◆ TASK STATEMENT
Please set down each of the lines below once more, exactly, omitting all pictures.

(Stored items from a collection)
- Opening Delimiter -
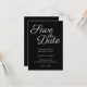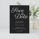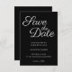El texto de la tipografía Save the Date es un elegante y encantador estilo caligráfico contemporáneo en blanco contra negro sólido. Añade tu foto de compromiso a la parte trasera si quieres. Personalizar el color de fondo si quieres. Esta elegante boda caligráfica, salvo la invitación de fecha, se puede encontrar en una variedad de antecedentes decorativos.
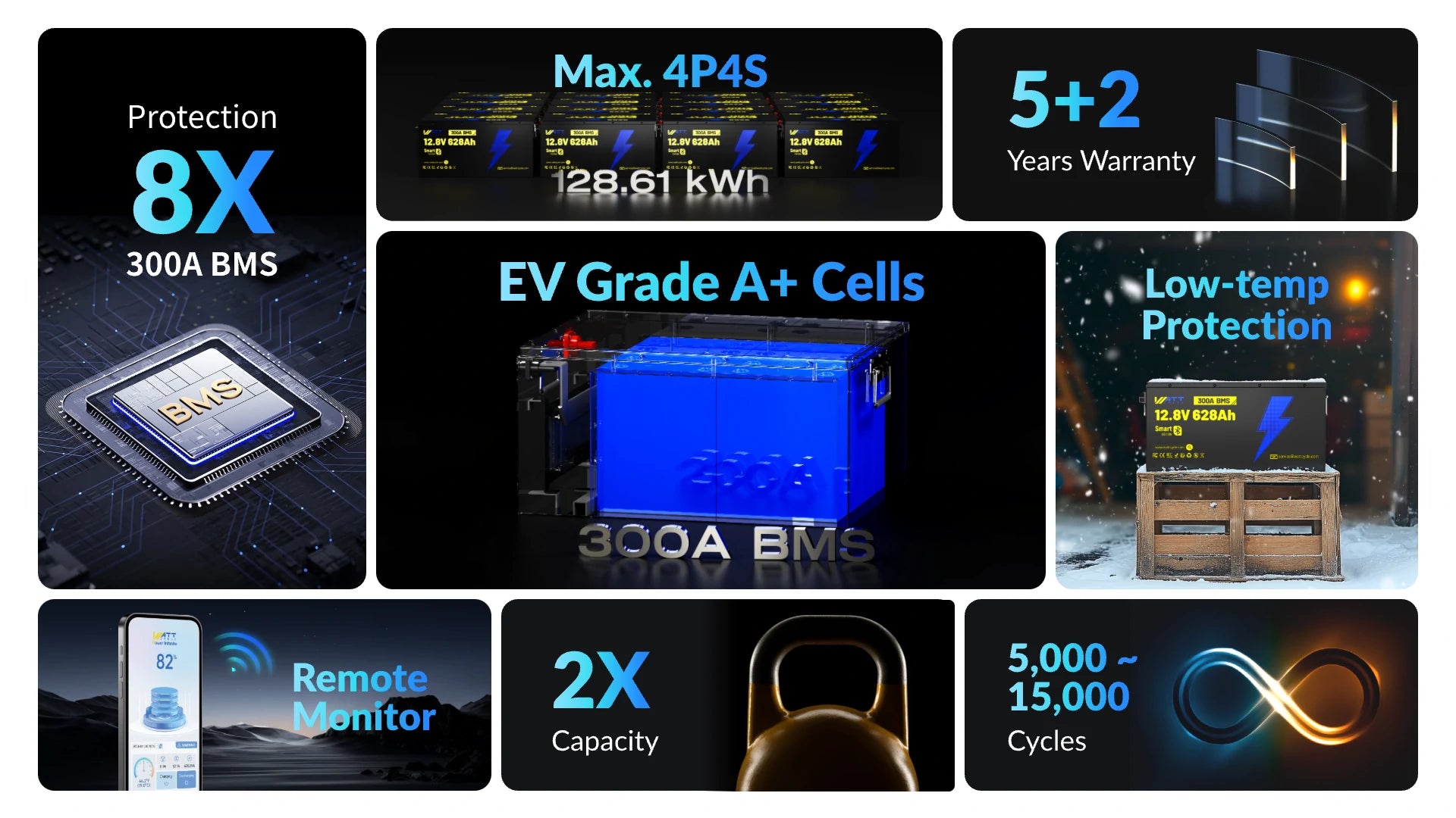• Massive 8.04kWh Storage: Perfect for energy-intensive applications (RVs, solar systems, marine).
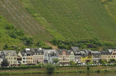 Keywords: river moselle houses grape vineyard wine zell-am-mosel germany
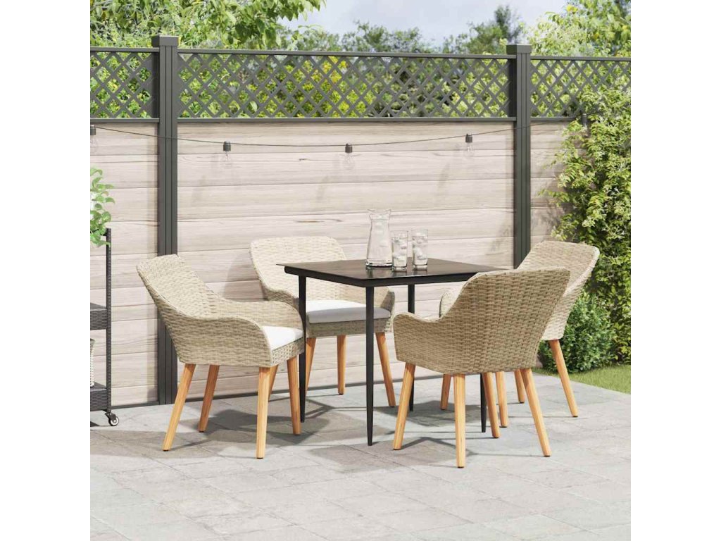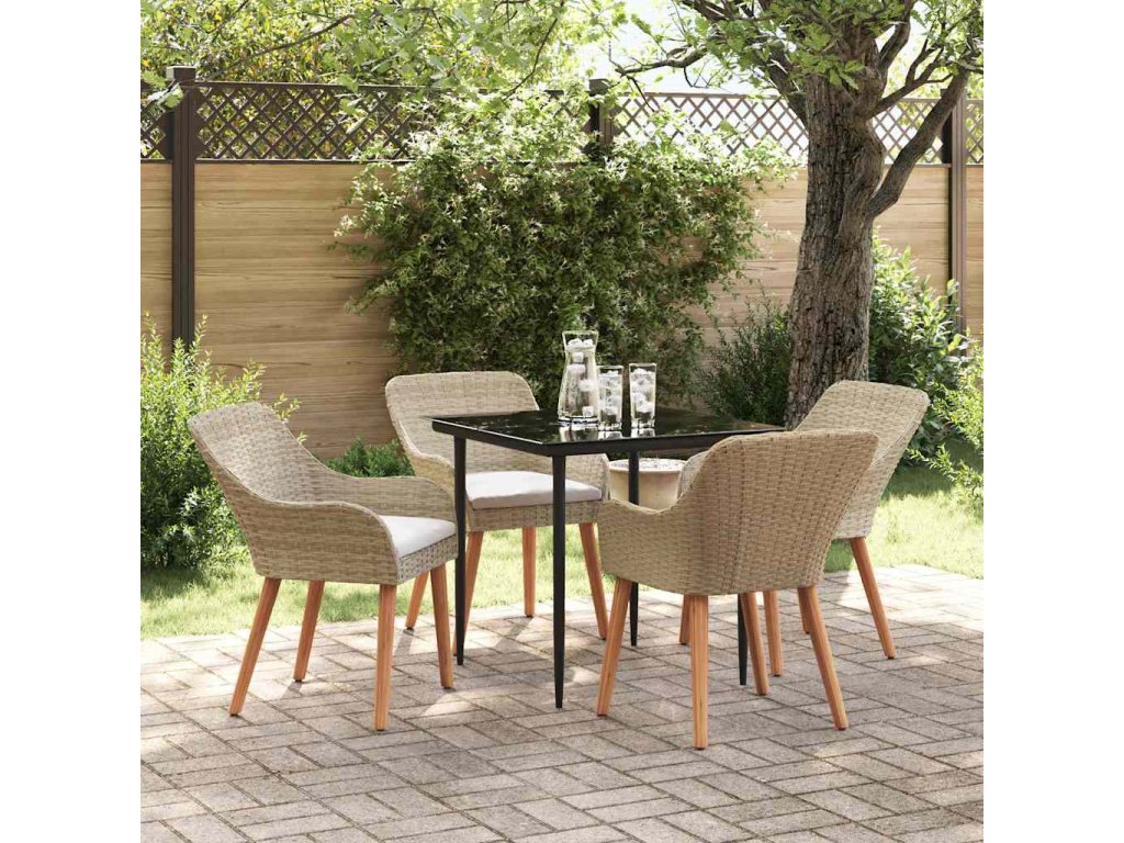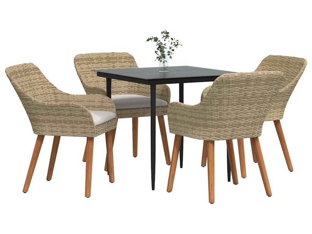 Zahradní jídelní souprava s polštářem 5 pcs Béžová polyratan [3261692]
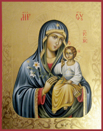 На иконе Пресвятая Богородица держит Своего Божественного Сына на правой руке, а в левой руке у Нее — цветок белой лилии. Этот цветок символически знаменует неувядаемый цвет девства и непорочности Пречистой Девы, к Которой так и обращается Святая Церковь: «Ты еси Корень девства и Неувядаемый Цвет чистоты».
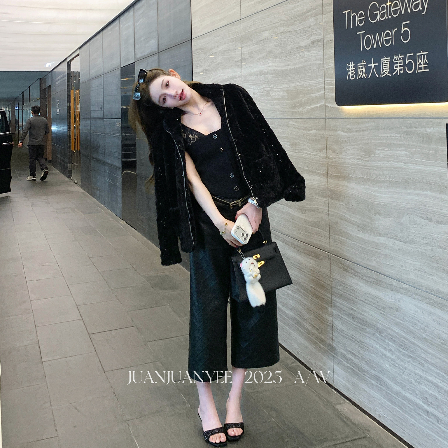 淘宝JuanJuanYee,juanjuanyee【菱格皮裤】定制小香风菱格纹直筒阔腿7分百搭皮裤女
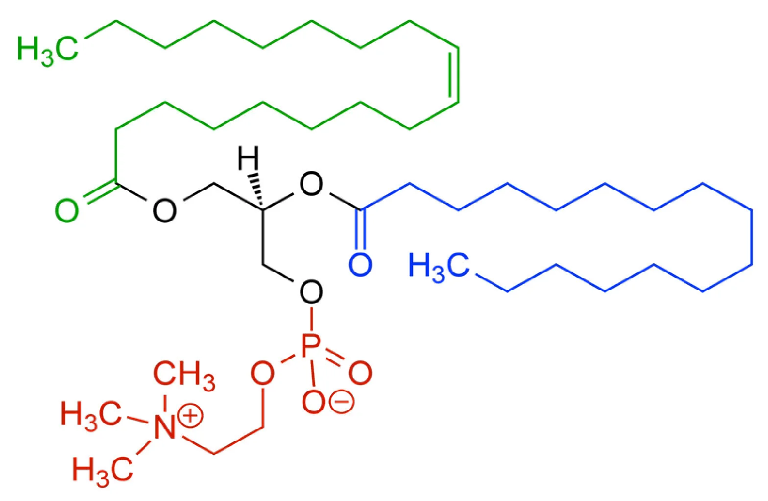 At its core, mayonnaise is an oil-in-water emulsion of a neutrally flavored oil—often canola or safflower—and an acid—usually lemon juice or white wine vinegar. Raw or pasteurized egg is added and contains the primary emulsifier. The emulsifying power of the egg yolks comes from lecithin, a phospholipid shown in the figure. The lecithin molecule contains a polar phosphate group (red), as well as a nonpolar fatty acid (green). When making an oil-in-water emulsion, the lecithin molecules orient themselves around oil droplets with their nonpolar heads facing inward and their polar tails facing outward into the continuous phase. This reduces the interfacial tension between the two liquids and stabilizes the mixture. These properties allow lecithin to be an incredibly powerful emulsifier. When combined properly, one egg yolk can reportedly stabilize almost 6 gallons of mayonnaise.
- Closing Delimiter -
◆ EXERCISE RESULT
El texto de la tipografía Save the Date es un elegante y encantador estilo caligráfico contemporáneo en blanco contra negro sólido. Añade tu foto de compromiso a la parte trasera si quieres. Personalizar el color de fondo si quieres. Esta elegante boda caligráfica, salvo la invitación de fecha, se puede encontrar en una variedad de antecedentes decorativos.
• Massive 8.04kWh Storage: Perfect for energy-intensive applications (RVs, solar systems, marine).
 Keywords: river moselle houses grape vineyard wine zell-am-mosel germany
 Zahradní jídelní souprava s polštářem 5 pcs Béžová polyratan [3261692]
 На иконе Пресвятая Богородица держит Своего Божественного Сына на правой руке, а в левой руке у Нее — цветок белой лилии. Этот цветок символически знаменует неувядаемый цвет девства и непорочности Пречистой Девы, к Которой так и обращается Святая Церковь: «Ты еси Корень девства и Неувядаемый Цвет чистоты».
 淘宝JuanJuanYee,juanjuanyee【菱格皮裤】定制小香风菱格纹直筒阔腿7分百搭皮裤女
 At its core, mayonnaise is an oil-in-water emulsion of a neutrally flavored oil—often canola or safflower—and an acid—usually lemon juice or white wine vinegar. Raw or pasteurized egg is added and contains the primary emulsifier. The emulsifying power of the egg yolks comes from lecithin, a phospholipid shown in the figure. The lecithin molecule contains a polar phosphate group (red), as well as a nonpolar fatty acid (green). When making an oil-in-water emulsion, the lecithin molecules orient themselves around oil droplets with their nonpolar heads facing inward and their polar tails facing outward into the continuous phase. This reduces the interfacial tension between the two liquids and stabilizes the mixture. These properties allow lecithin to be an incredibly powerful emulsifier. When combined properly, one egg yolk can reportedly stabilize almost 6 gallons of mayonnaise.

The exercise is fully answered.